Topic Reference Relevance
Embedding drift troubleshooting 04-retrieval-system-troubleshooting.md Detailed debugging when embedding drift is detected by this monitoring system
RAG pipeline cost optimization US-06-rag-pipeline-cost-optimization.md Cost management for the re-embedding and indexing pipelines
Performance monitoring Skill-4.3.1 through 4.3.4 Broader FM inference monitoring that feeds into vector store performance correlation
DynamoDB source monitoring DynamoDB folder Source data change detection that triggers the embedding refresh pipeline
Security guardrails Security-Privacy-Guardrails Access control policies for OpenSearch Serverless collections
Model evaluation Evaluation-Systems-GenAI Recall@K and retrieval quality metrics feed into end-to-end evaluation

Key Takeaways

  1. Embedding freshness is a first-class operational metric — stale embeddings cause silent quality degradation that users notice (irrelevant recommendations) but standard infrastructure monitoring misses entirely. Track source_updated_at vs embedding_created_at for every document.

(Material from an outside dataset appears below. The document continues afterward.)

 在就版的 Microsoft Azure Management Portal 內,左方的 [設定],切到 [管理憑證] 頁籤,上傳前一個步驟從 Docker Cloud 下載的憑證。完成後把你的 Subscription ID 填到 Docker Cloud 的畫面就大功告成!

  2. HNSW tuning is continuous, not set-and-forget — as data volume grows and query patterns shift, the optimal ef_search/m balance changes. Nightly benchmarks with a ground-truth query set catch drift before users feel it.

  3. The recall vs latency tradeoff is the core operational tension — higher ef_search improves recall but increases latency; the right balance depends on your SLA. For MangaAssist, we accept p95 < 80ms for recall@10 > 0.90.

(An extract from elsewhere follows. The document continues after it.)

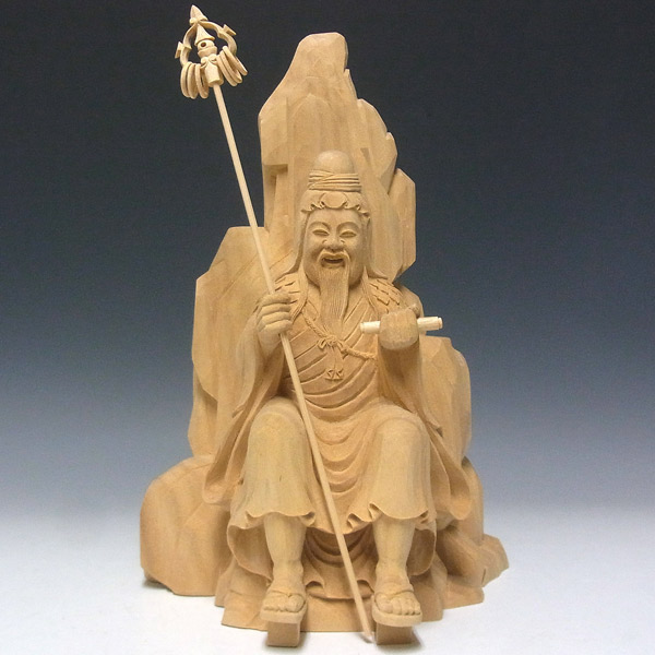 楠 彩色 役行者 母付き 68cm(錫杖を含むと80cm)

  4. Segment count is a hidden performance killer — OpenSearch accumulates small segments during indexing; without scheduled compaction, query latency creeps up silently as k-NN search must scan each segment independently.

  5. Stale embeddings cause silent quality degradation — unlike a service outage (which triggers alarms), stale embeddings return plausible but wrong results. The chatbot still responds confidently with outdated product information — the most dangerous failure mode.

  6. Mixed embedding model versions invalidate similarity scores — treat model version consistency as a hard constraint, not a nice-to-have. A single document embedded with v1 in a v2 index corrupts neighbor relationships for all nearby vectors.

  7. OCU cost is the primary operational expense — OpenSearch Serverless auto-scales OCUs based on load, and unoptimized queries (full scans, excessive ef_search) directly translate to higher CloudWatch bills. Monitor OCU/query as a cost efficiency metric.